Saying that the regional wage boards have effectively prevented the resumption of the legislation of national minimum wages for almost 30 years now, the SENTRO NG MGA NAGKAKAISA AT PROGRESIBONG MANGGAGAWA (SENTRO) is renewing its call for their abolition!

According to Daniel Edralin, SENTRO Vice-Chairperson for the Private Sector, the said wage boards had not, and will never, issue adequate adjustments in the minimum wages because these 7-member boards are dominated employers, 2 from the private sector, and 3 from agencies of the Government, itself the largest employer in the country.

“What can the remaining 2 union representatives do during board deliberations and decision-making when the total 5 private and Government employer representatives agree to continue enforcing the National Government’s cheap labor policy?” Edralin asked.

“The Government actually decides on the amounts of minimum wage raises with its 3 representatives (from DTI, NEDA and DOLE) needing only one more vote, which most of the time come from the 2 employers, who in turn will agree only to the lowest amount possible,” he related from experience.

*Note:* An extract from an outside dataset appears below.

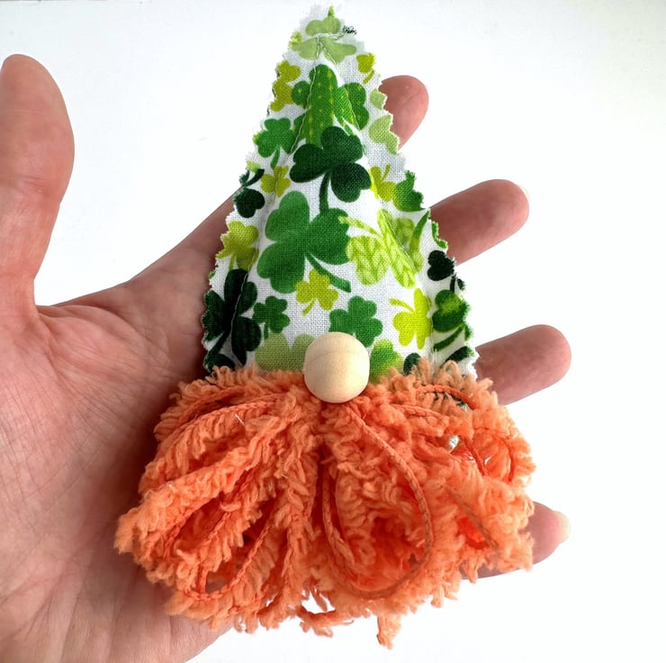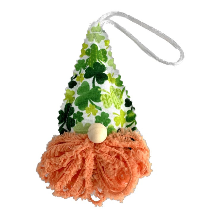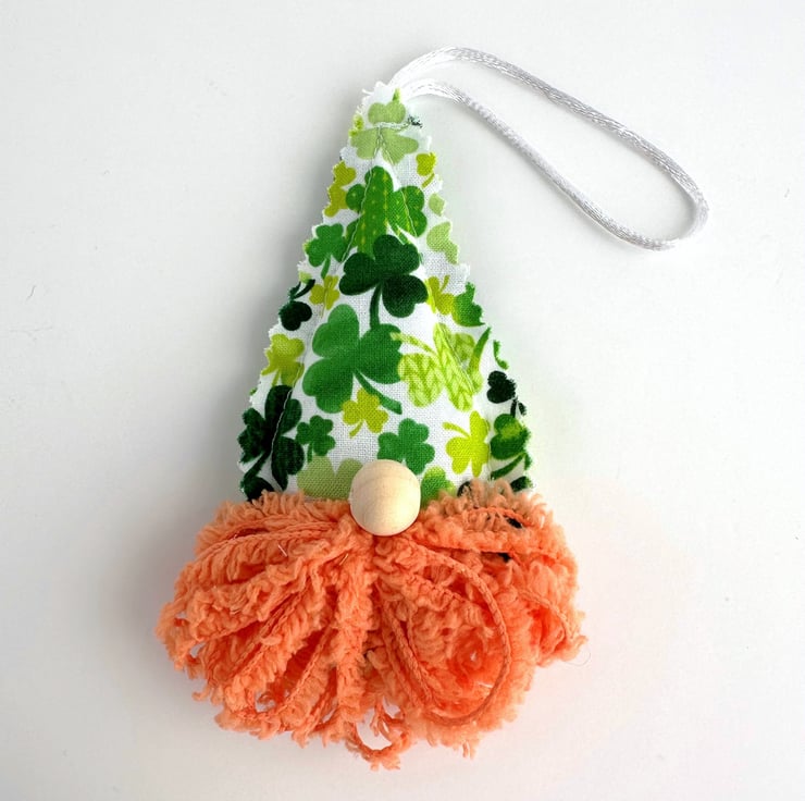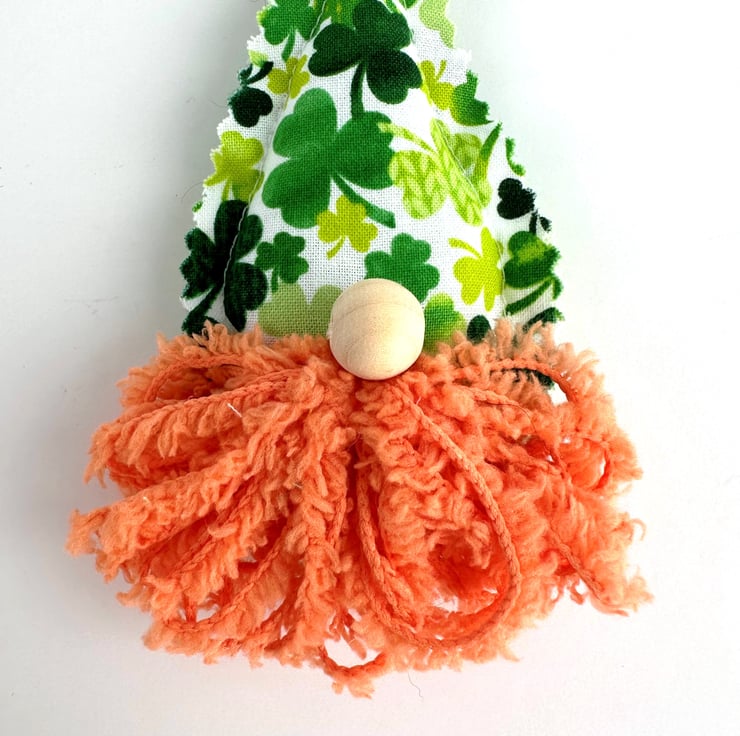 Shamrocks gnome hanging decoration, St. Patrick’s Day. This cute Scandi gnome decoration has a hat of white fabric with a print pattern of shamrocks in shades of green. I’ve added a beard made from ginger snuggly chunky yarn, and a natural wood bead nose. The hat fabric has pinked edges to give a raw scalloped finish. The decoration is lightly padded with polyester hollow fibre filling and has a hanging loop made from white satin cord.

Edralin also lambasted the Government’s cheap labor policy, which is primarily the reason for the freeze in real wages in the past almost three decades.

He noted that such low wage policy was premised on its helping attract foreign investors, and making local businesses globally competitive. “But what is really needed is for Government to do away with this cheap wage policy, and instead formulate a real Industrial Policy, not just have road maps submitted by favored employers to promote their businesses,” Edralin added.

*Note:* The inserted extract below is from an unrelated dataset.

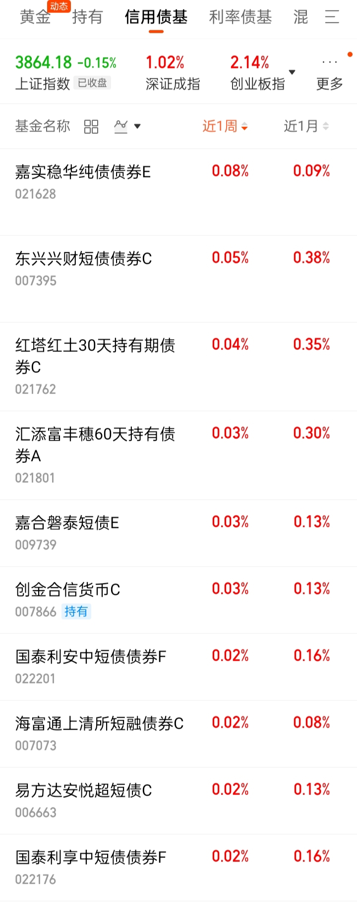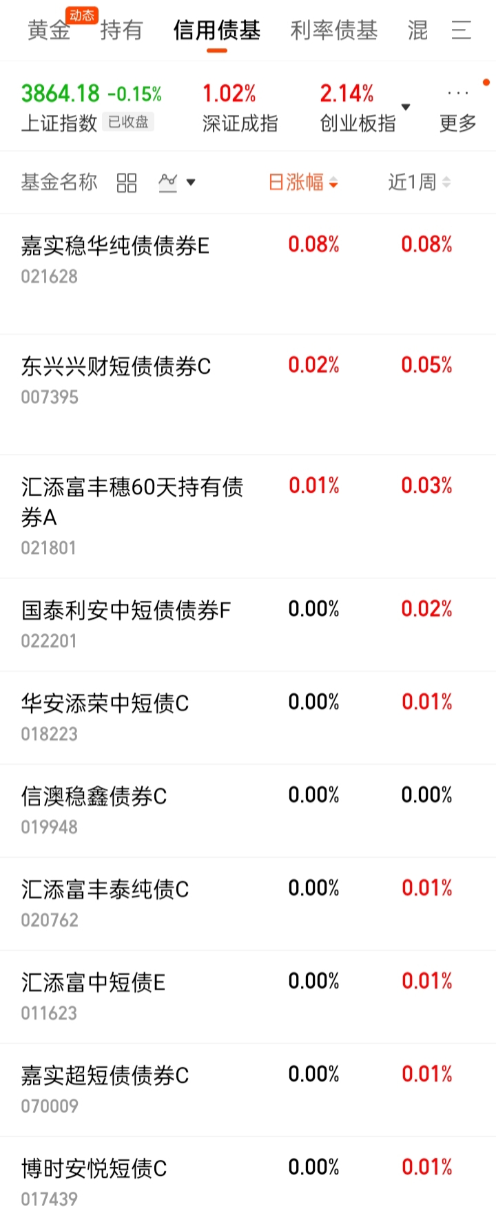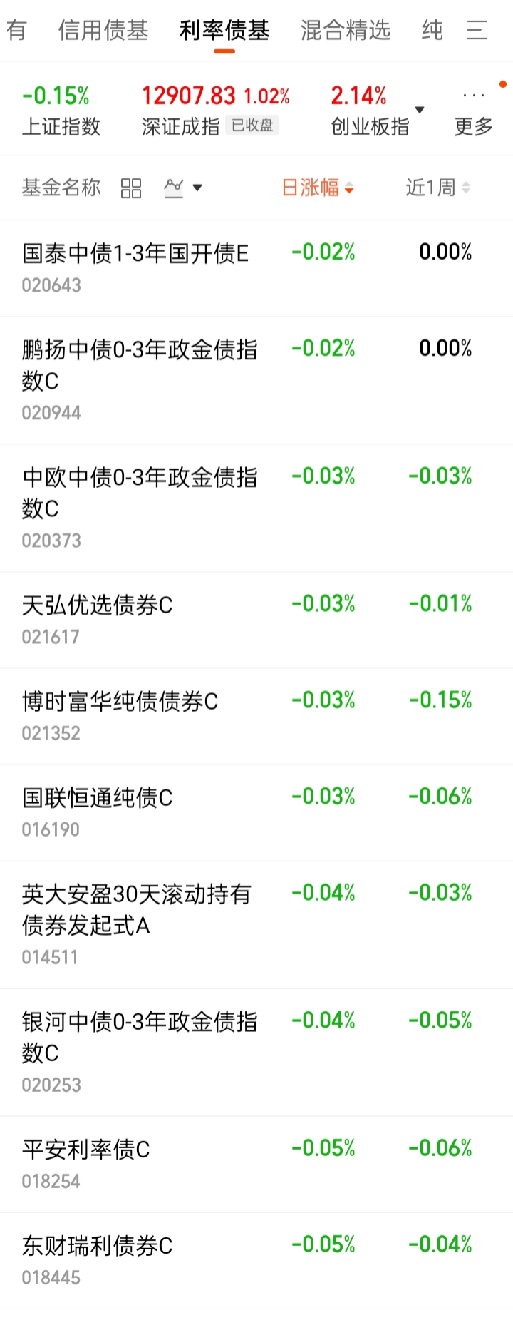 中短债基:-0.02%。低于货基。

SENTRO Secretary-General Josua Mata, in turn, recalled that prior to the enactment of RA 6727 (Wage Rationalization Act of 1989), which created the regional wage boards, the Government was more considerate to the plight of Filipino workers.

“In 1987, for instance, the Administration then successfully raised the minimum wage three times during that same year, through two executive orders and a congressional act. This happened again in 1984, when minimum wages were raised thrice in succession,” said Mata.

Mata likewise pointed out that the P25/day increase that resulted in the P89/day national minimum wage in 1989, was far more decent (because of its higher purchasing power then) compared to the recent P15, plus the previous P10 COLA converted to basic pay, daily increase, ordered in the NCR, because of their greatly reduced purchasing power.

Both SENTRO leaders further assailed the Government representatives’ natural employer-like inclination to allow only the smallest minimum wage adjustments to private sector workers, anticipating that such higher increases will then be used as basis by public sector workers to demand for similar increases as well.

“It’s really time to do away with regional wage-fixing, since the original claim and intent that it will encourage industries to disperse to areas outside the Metro areas (such as Manila, Cebu and Davao) and other urban areas, has also not been realized,” Edralin urged. Most businesses still concentrate in these urban centers where the bulk of their markets or customers are, intensifying the internal migration to urban centers, and worsening the overcrowding there,” he emphasized.